Other Segments and Expenses
---------------------------
- R&E costs for 2007 totaled $12.0 million as compared to $6.0 million
in 2006. This increase was due to increased activities related to the
design, development and testing of a new generation of Top Drive
units introduced to the market in the summer of 2007, as well as
increased activities involving our Tubular Services and CASING
DRILLING(R) businesses.
- SG&A costs for 2007 totaled $29.8 million compared to $26.4 million
in 2006. This increase was primarily due to the professional fees
incurred in the first quarter of 2007 as a result of the various
issues and events related to the delayed filing of our initial Annual
Report on Form 10-K, the increased auditing fees associated with our
initial year of testing our internal controls pursuant to Section 404
of the Sarbanes Oxley Act, costs related to our transition from a
foreign private issuer to a domestic reporting issuer, costs
associated with the restatements of our quarterly results for the
second and third quarters of 2006 and the costs associated with the
Company's self-initiated review of the its stock option granting
practices and related accounting.
- Our effective tax rate for 2007 was 24% compared to 44% in 2006. The
2007 effective tax rate reflects a total of $4.5 million of favorable
items identified during 2007 as a result of filing our U.S., Canadian
and other 2006 tax returns which were not considered in determining
our 2006 income tax provisions. In addition the company recorded a
benefit of $0.7 million related to the favorable outcome of a prior
year Mexican tax matter. The 2007 and 2006 effective tax rates
include charges of $1.7 and $1.6 million, respectively, related to a
reduction in deferred tax assets attributable to Canadian tax law
changes which incrementally reduced the statutory tax rates for both
Canadian federal and provincial (Alberta) taxes.

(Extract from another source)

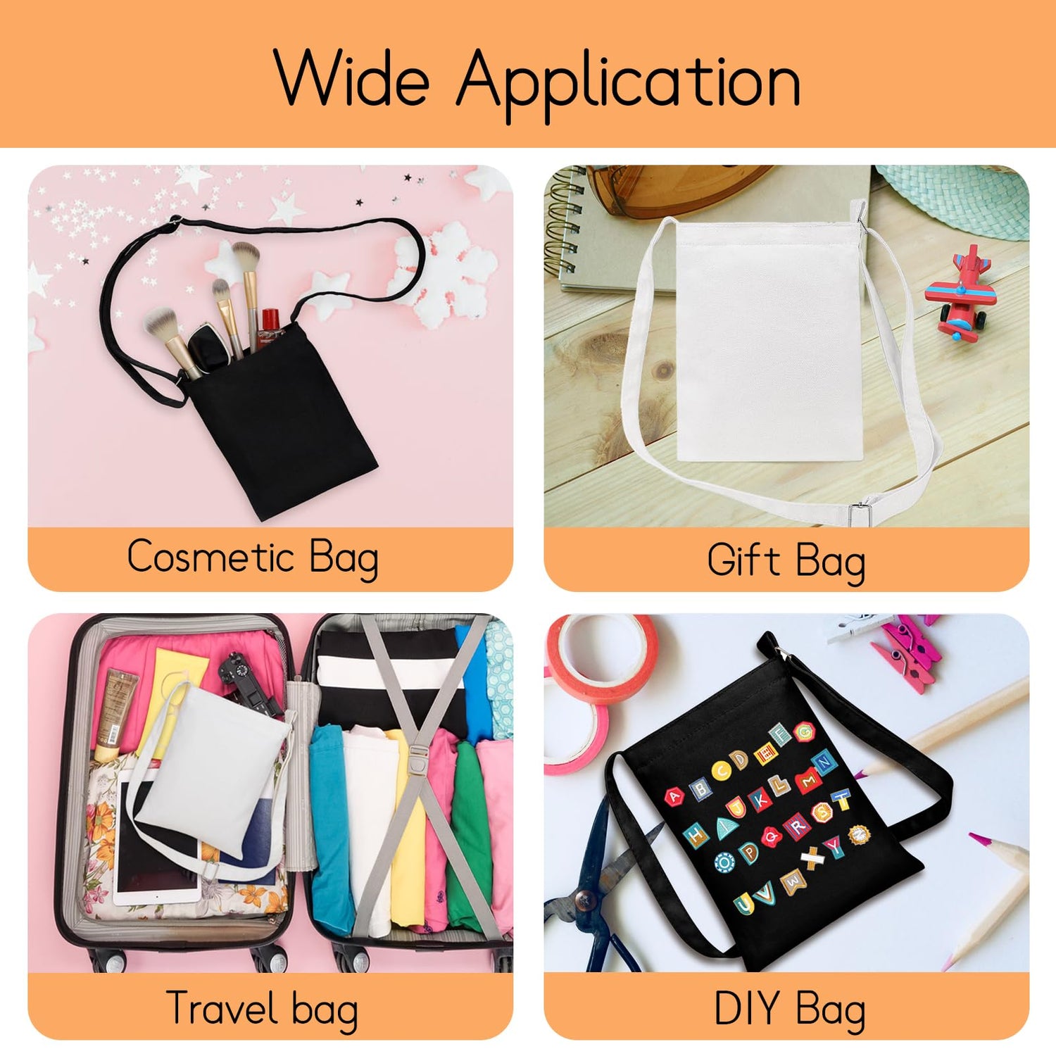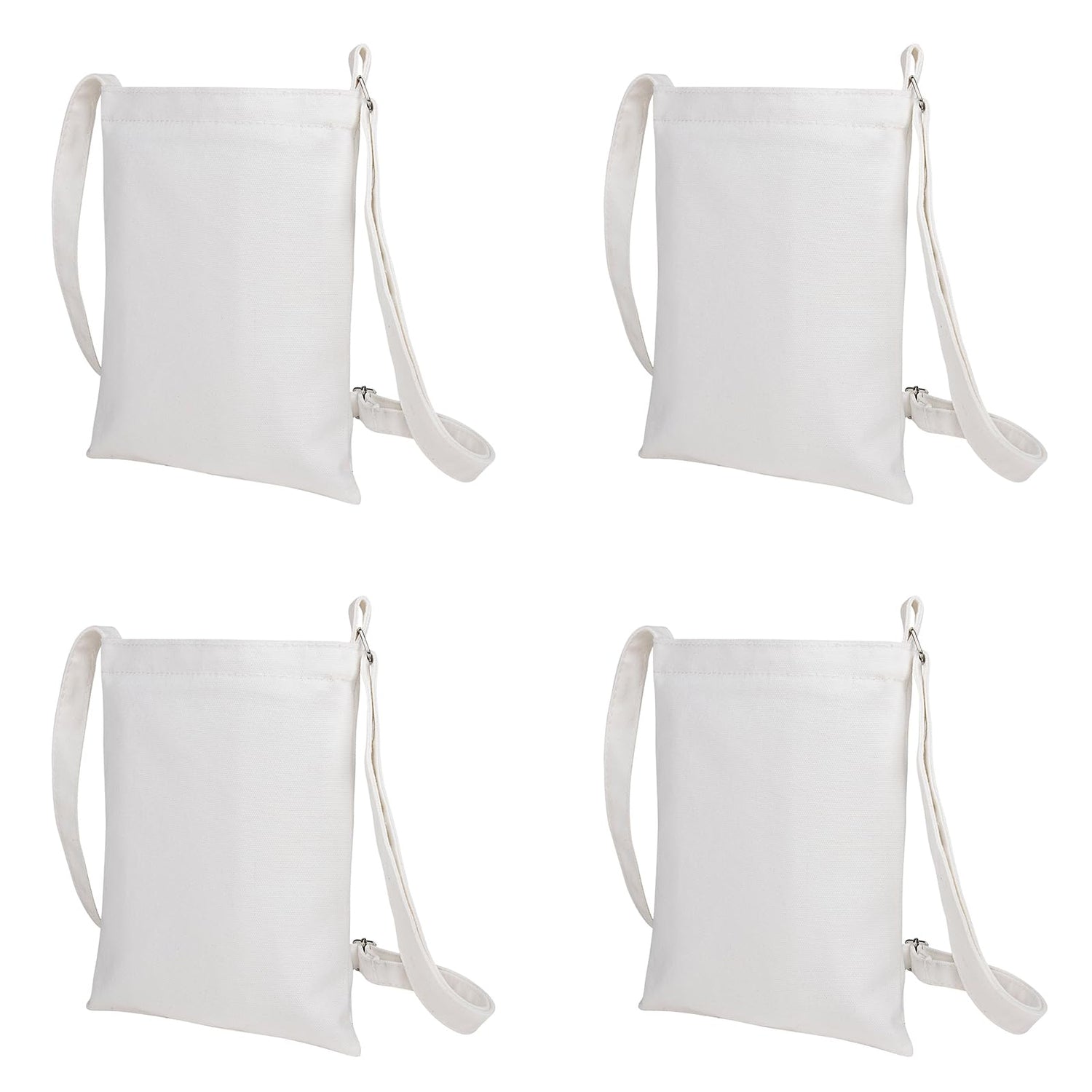 - Price for 4 white canvas cross-body bags, convenient style suitable for many occasions, like traveling, shopping, beach and so on; save your space and time of storing and looking for your stuffs
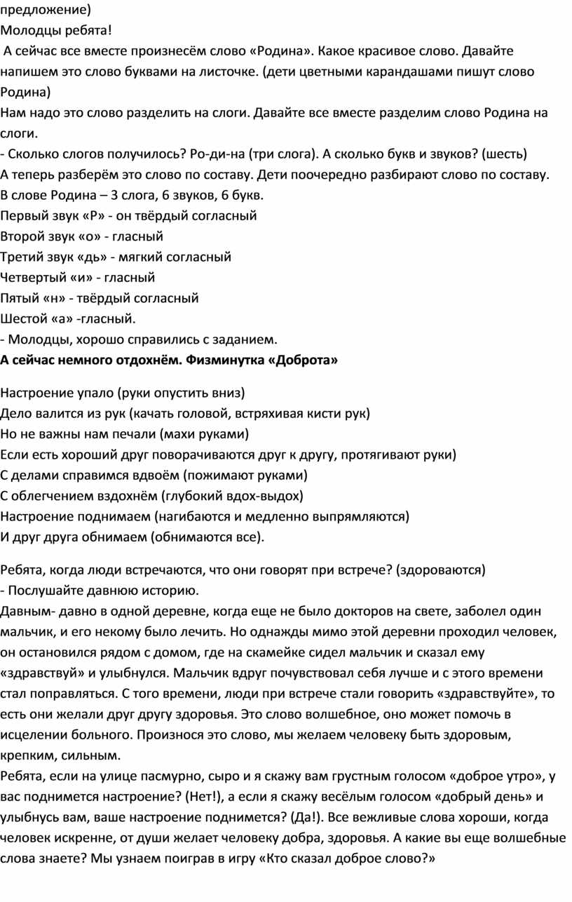 А сейчас все вместе произнесём слово «Родина». Какое красивое слово. Давайте

Evaluation of Disclosure Controls
Management has concluded that we maintained effective internal control
over financial reporting as of December 31, 2007. As disclosed in our Annual
Report on Form 10-K for the year ended December 31, 2006 and in our Quarterly
Reports on Form 10-Q for each of the first three quarters of 2007,
management's assessment of our internal controls over financial reporting
identified material weaknesses in our internal controls. During 2007, we made
significant progress in implementing the remediation plans that we established
to address these material weaknesses which resulted in the successful
remediation of the above referenced material weaknesses in internal controls
as of December 31, 2007 and our management's determination that our internal
controls were effective as of December 31, 2007.
Conference Call
The Company will conduct a conference call to discuss its results for the
fourth quarter of 2007 tomorrow (Monday, February 25, 2008) at 10:00 a.m. CST.
Individuals who wish to participate in the conference call should dial
US/Canada (866) 433-0163 or International (706) 679-3976 approximately ten
minutes prior to the scheduled start of the call. The conference ID for this
call is 35858321. The conference call will also be webcast live and available
for replay at the Company's web site, www.tescocorp.com. Listeners may access
the call through the "Conference Calls" link in the Investor Relations section
of the site. The conference call and all questions and answers will be
recorded and made available until March 25, 2008. To listen to the recording,
call (800) 642-1687 or (706) 645-9291 and enter conference ID 35858321.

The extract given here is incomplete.